**TASK DESCRIPTION:**
Please retype the listing below word for word and exclude its images.

**SOURCE DATA:**
########

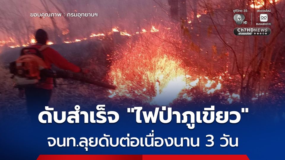 ระดมกำลังกว่า 100 นาย เข้าดับ “ไฟป่าภูเขียว” ต่อเนื่องนาน 3 วัน ส่งเฮลิคอปเตอร์โปรยน้ำกว่า 7 หมื่นลิตร จนสามารถดับไฟได้แล้ว พบพื้นที่ความเสียหายรวมประมาณ 190 ไร่
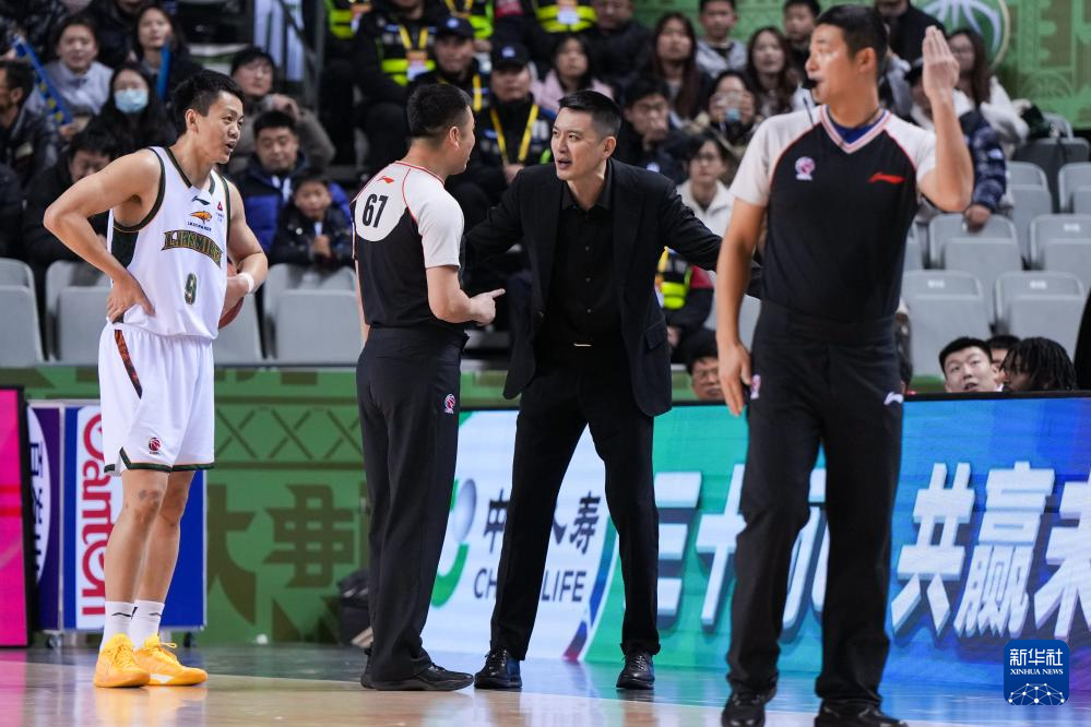 1月6日,辽宁本钢队主教练杨鸣(右二)在比赛中与裁判交流。
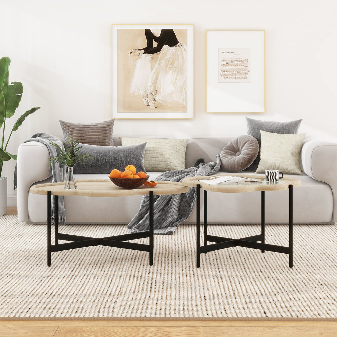 Cloud Coffee Table Set Of 2,Coffee Table ,End Table With Tempered Changrainbow Glass For Living Room, Bedroom ,Office, Balcony Natural Wood Temptered Glass Stainless Steel Mdf

########

**OUTPUT FOR THIS TASK:**
 ระดมกำลังกว่า 100 นาย เข้าดับ “ไฟป่าภูเขียว” ต่อเนื่องนาน 3 วัน ส่งเฮลิคอปเตอร์โปรยน้ำกว่า 7 หมื่นลิตร จนสามารถดับไฟได้แล้ว พบพื้นที่ความเสียหายรวมประมาณ 190 ไร่
 1月6日,辽宁本钢队主教练杨鸣(右二)在比赛中与裁判交流。
 Cloud Coffee Table Set Of 2,Coffee Table ,End Table With Tempered Changrainbow Glass For Living Room, Bedroom ,Office, Balcony Natural Wood Temptered Glass Stainless Steel Mdf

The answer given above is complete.